- DATA EXCERPTS
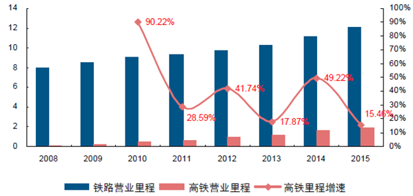 核心提示:從2008 年京津城際通車運營開始,高鐵在過去八年里快速發展,并在國民經濟和日常生活中扮演著日益重要的角色。到2015 年底,全國鐵路營業里程達到12.1 萬公里,居世界第二位;其中高鐵運營里程超過1.9 萬公里,居世界第一位,占世界高鐵總從2008 年京津城際通車運營開始,高鐵在過去八年里快速發展,并在國民經濟和日常生活中扮演著日益重要的角色。到2015 年底,全國鐵路營業里程達到12.1 萬公里,居世界第二位;其中高鐵運營里程超過1.9 萬公里,居世界第一位,占世界高鐵總里程的60%以上;高鐵在鐵路運營里程中的占比逐年提升,已達15.70%。
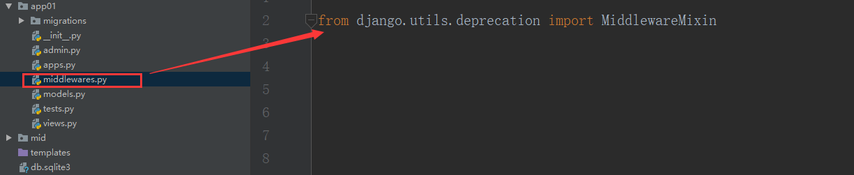在 app 目录下新建一个 py 文件,名字自定义,并在该 py 文件中导入 MiddlewareMixin:
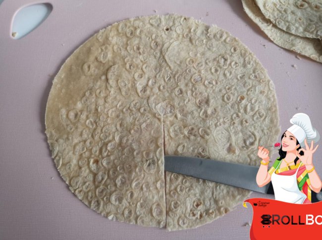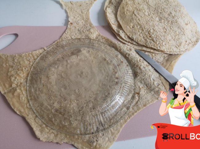 Вырезаем в лаваше при помощи тарелки круг... делаем один надрез из середины круга.
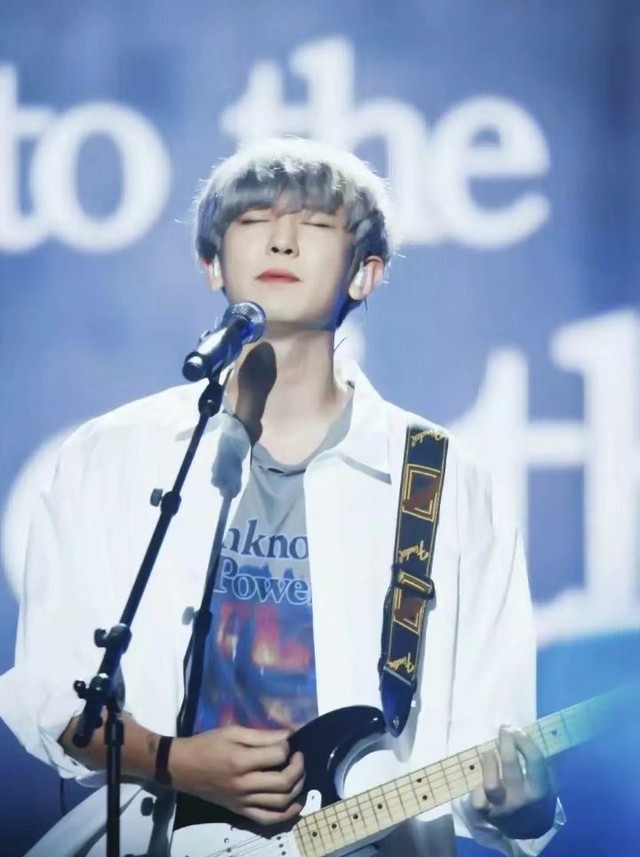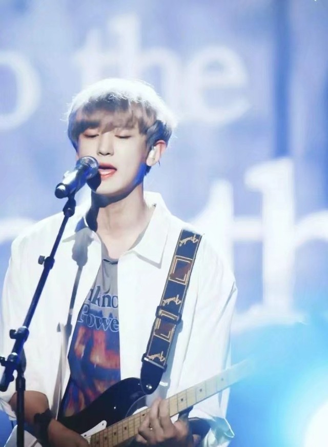 台上的朴灿烈边弹边唱
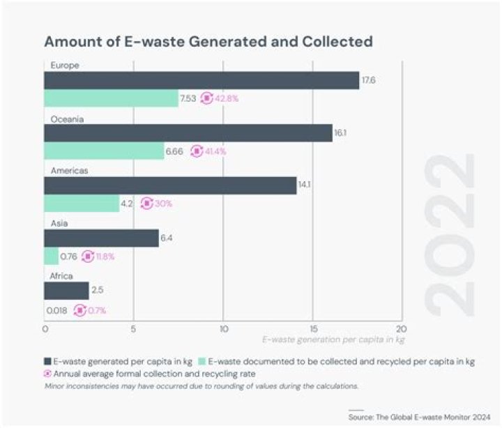 Latest estimates (see The Global E-waste Monitor 2017) show that the world now discards approximately 50 million tonnes of e-waste per year — an amount greater in weight than all of the commercial airliners ever made — of which only about 20% is formally recycled.
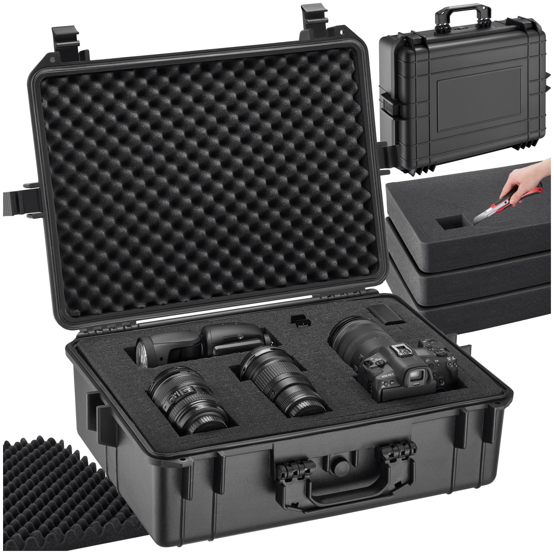 Mallette pour appareil photo et caméra, étanche + 4 inserts en mousse 56 cm x 42 cm x 21 cm noir TECTAKE. Cette valise de qualité est parfaite pour transporter en toute sécurité votre caméra, votre appareil photo (numérique ou non numérique) et vos différents appareils de mesure. Elle fournit suffisamment de place pour de grands appareils photographiques. On peut y ranger un appareil photo Reflex, un appareil photo numérique, une caméra ou encore des lampes flash fragiles. Cette mallette est entièrement sécurisée grâce à sa serrure à 4 points. Les 4 différents inserts en mousse vous permettent de bien protéger l'objet que vous placez dans la valise. La mallette pour caméra est étanche, résistante aux alcalins et aux acides et possède une soupape compensatrice de pression.
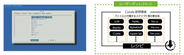 またG-Suiteでは、Ubuntu 24.04に対応し、開発環境はminiforgeをベースとしています。各世代のGPUに最適化してビルドしたソフトウェア群に加え、OSネイティブ環境+コンテナ環境をハイブリッドにサポートするアプリケーションリソースマネージメントツールです。ユーザーは様々なアプリケーション実行環境を構築することが可能であり、レシピは全てフリーでアクセスできます。
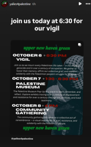 Yalies4Palestine is also hosting its Oct. 7 protest off-campus with a pop-up “Palestine Museum” that allows attendees to “explore exhibits tracing over a center of displacement and resistance … through art, archives, and lived testimony.”
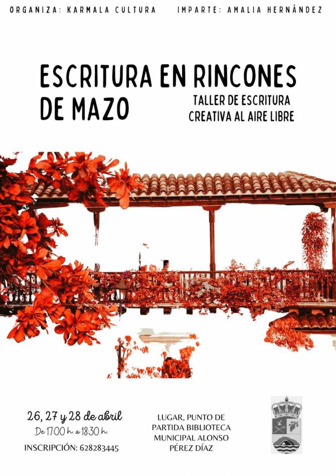El Ayuntamiento de Villa de Mazo, a través de la Concejalía de Cultura y Karmala Cultura, organiza un taller de escritura creativa al aire libre tutorizado por la artista, escritora y dramaturga Amalia Hernández, para conmemorar el Día del Libro 2022. Los encuentros se iniciarán desde la Biblioteca Municipal Alonso Pérez Díaz los días 26, 27 y 28 de abril, en horario de 17:00 a 18:30 horas.
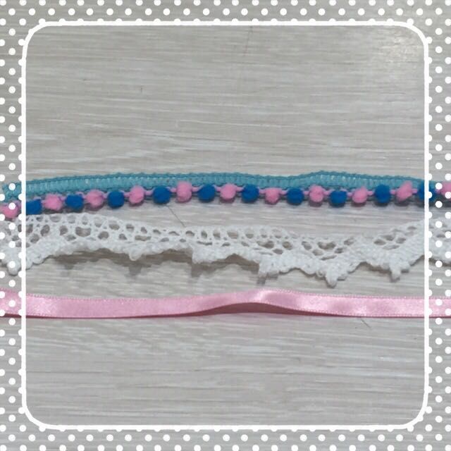 ①リボン、レース、ポンポンテープを3本合わせて揃える。
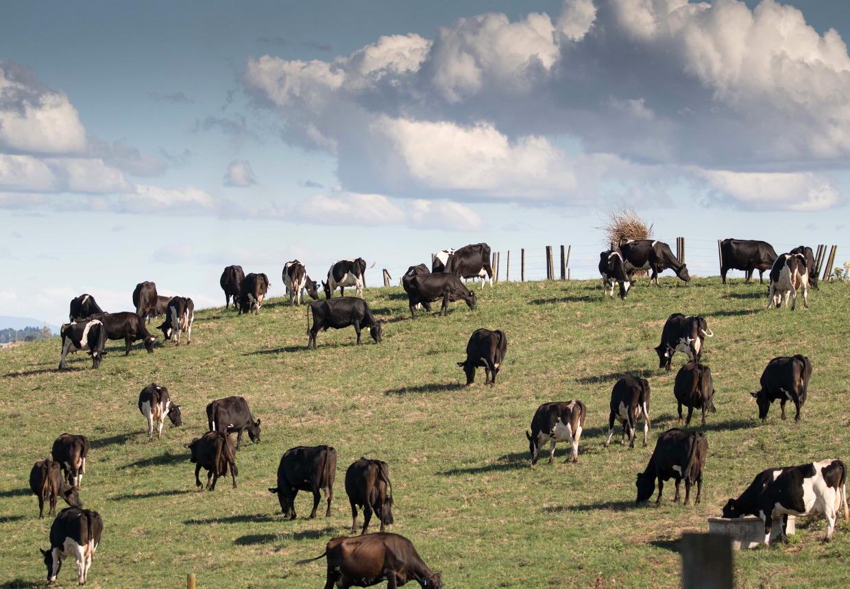新西兰汉密尔顿的农场上奶牛在吃草。摄影师:布伦登·奥哈根/林地所有者则表示,农民的批评是短视的,不利的政策变化可能会影响每年50亿新西兰元的林业出口,这也是该国GDP的重要贡献者。
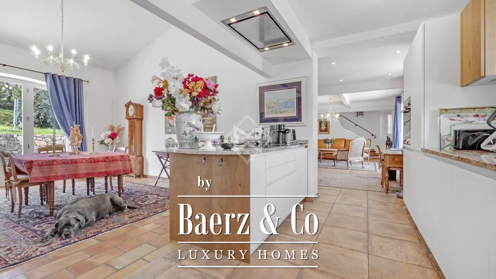 The interconnected living area flows into a welcoming kitchen, while a dedicated dining space with a fireplace and an adjacent covered terrace with barbecue invite gatherings throughout the seasons. Light fills the primary living room, where another fireplace brings comfort on winter evenings.
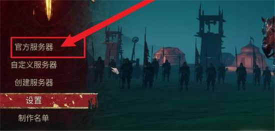 1、首先玩家需要在游戏主页中点击官 方服务器。
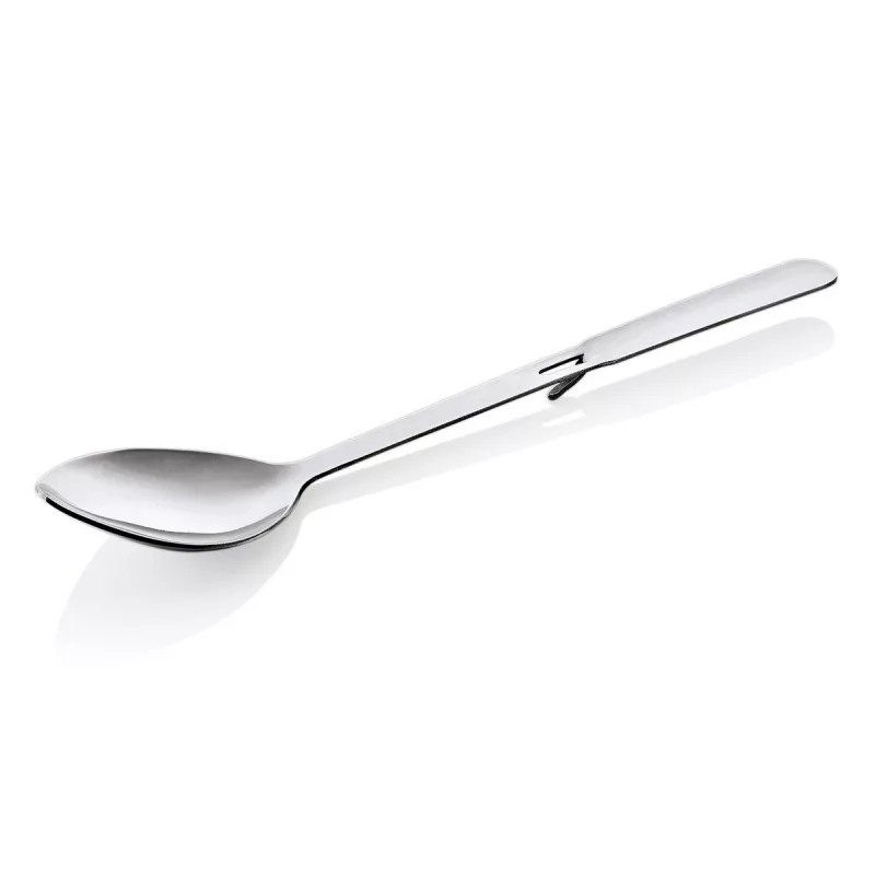 A lapos, széles kanálfej és az enyhén élesített szélek lehetővé teszik a pontos és hatékony ételfelvételt, így az étel nem esik szét tálalás közben, és a szervírozás mindig esztétikus marad.
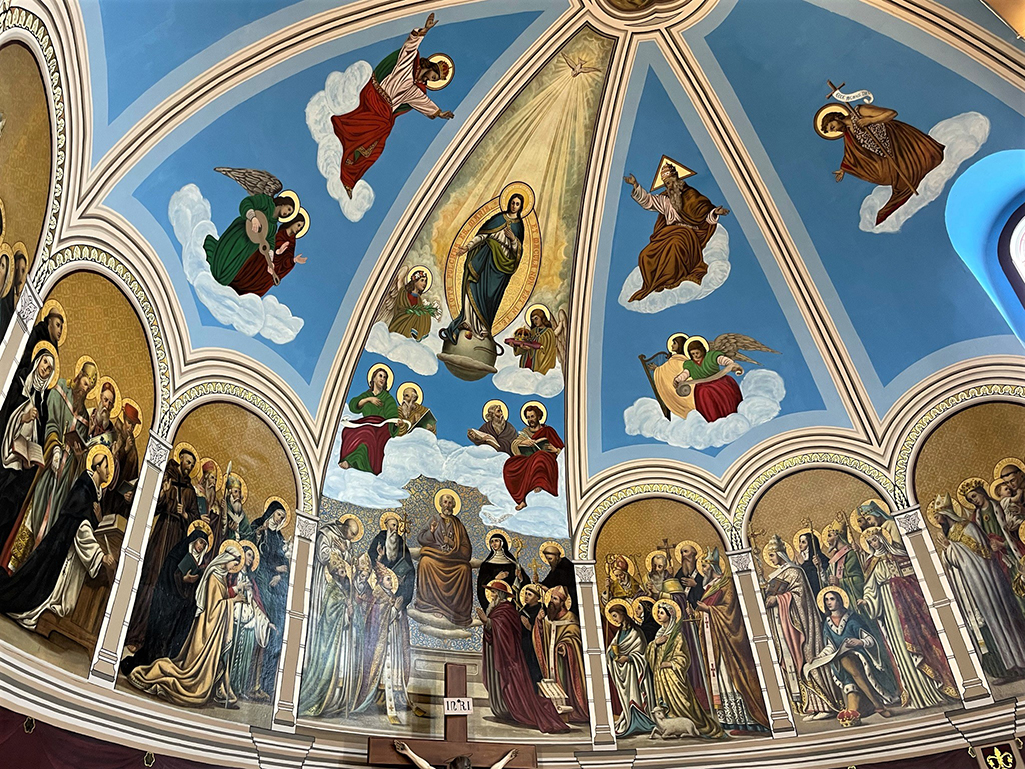 As surprising as the imposing structure is in this rural hideaway, it is the within that the art treasures are found. As doors open into a recently renovated vestibule, one is reminded of Michelangelo and his Sistine Chapel artwork.

- HOW TO COMPLETE THIS TASK
Output nothing but the entries above, exactly, once the pictures are removed.

- SOLUTION TO THIS TASK
 核心提示:從2008 年京津城際通車運營開始,高鐵在過去八年里快速發展,并在國民經濟和日常生活中扮演著日益重要的角色。到2015 年底,全國鐵路營業里程達到12.1 萬公里,居世界第二位;其中高鐵運營里程超過1.9 萬公里,居世界第一位,占世界高鐵總從2008 年京津城際通車運營開始,高鐵在過去八年里快速發展,并在國民經濟和日常生活中扮演著日益重要的角色。到2015 年底,全國鐵路營業里程達到12.1 萬公里,居世界第二位;其中高鐵運營里程超過1.9 萬公里,居世界第一位,占世界高鐵總里程的60%以上;高鐵在鐵路運營里程中的占比逐年提升,已達15.70%。
在 app 目录下新建一个 py 文件,名字自定义,并在该 py 文件中导入 MiddlewareMixin:
 Вырезаем в лаваше при помощи тарелки круг... делаем один надрез из середины круга.
 台上的朴灿烈边弹边唱
 Latest estimates (see The Global E-waste Monitor 2017) show that the world now discards approximately 50 million tonnes of e-waste per year — an amount greater in weight than all of the commercial airliners ever made — of which only about 20% is formally recycled.
 Mallette pour appareil photo et caméra, étanche + 4 inserts en mousse 56 cm x 42 cm x 21 cm noir TECTAKE. Cette valise de qualité est parfaite pour transporter en toute sécurité votre caméra, votre appareil photo (numérique ou non numérique) et vos différents appareils de mesure. Elle fournit suffisamment de place pour de grands appareils photographiques. On peut y ranger un appareil photo Reflex, un appareil photo numérique, une caméra ou encore des lampes flash fragiles. Cette mallette est entièrement sécurisée grâce à sa serrure à 4 points. Les 4 différents inserts en mousse vous permettent de bien protéger l'objet que vous placez dans la valise. La mallette pour caméra est étanche, résistante aux alcalins et aux acides et possède une soupape compensatrice de pression.
 またG-Suiteでは、Ubuntu 24.04に対応し、開発環境はminiforgeをベースとしています。各世代のGPUに最適化してビルドしたソフトウェア群に加え、OSネイティブ環境+コンテナ環境をハイブリッドにサポートするアプリケーションリソースマネージメントツールです。ユーザーは様々なアプリケーション実行環境を構築することが可能であり、レシピは全てフリーでアクセスできます。
 Yalies4Palestine is also hosting its Oct. 7 protest off-campus with a pop-up “Palestine Museum” that allows attendees to “explore exhibits tracing over a center of displacement and resistance … through art, archives, and lived testimony.”
El Ayuntamiento de Villa de Mazo, a través de la Concejalía de Cultura y Karmala Cultura, organiza un taller de escritura creativa al aire libre tutorizado por la artista, escritora y dramaturga Amalia Hernández, para conmemorar el Día del Libro 2022. Los encuentros se iniciarán desde la Biblioteca Municipal Alonso Pérez Díaz los días 26, 27 y 28 de abril, en horario de 17:00 a 18:30 horas.
 ①リボン、レース、ポンポンテープを3本合わせて揃える。
新西兰汉密尔顿的农场上奶牛在吃草。摄影师:布伦登·奥哈根/林地所有者则表示,农民的批评是短视的,不利的政策变化可能会影响每年50亿新西兰元的林业出口,这也是该国GDP的重要贡献者。
 The interconnected living area flows into a welcoming kitchen, while a dedicated dining space with a fireplace and an adjacent covered terrace with barbecue invite gatherings throughout the seasons. Light fills the primary living room, where another fireplace brings comfort on winter evenings.
 1、首先玩家需要在游戏主页中点击官 方服务器。
 A lapos, széles kanálfej és az enyhén élesített szélek lehetővé teszik a pontos és hatékony ételfelvételt, így az étel nem esik szét tálalás közben, és a szervírozás mindig esztétikus marad.
 As surprising as the imposing structure is in this rural hideaway, it is the within that the art treasures are found. As doors open into a recently renovated vestibule, one is reminded of Michelangelo and his Sistine Chapel artwork.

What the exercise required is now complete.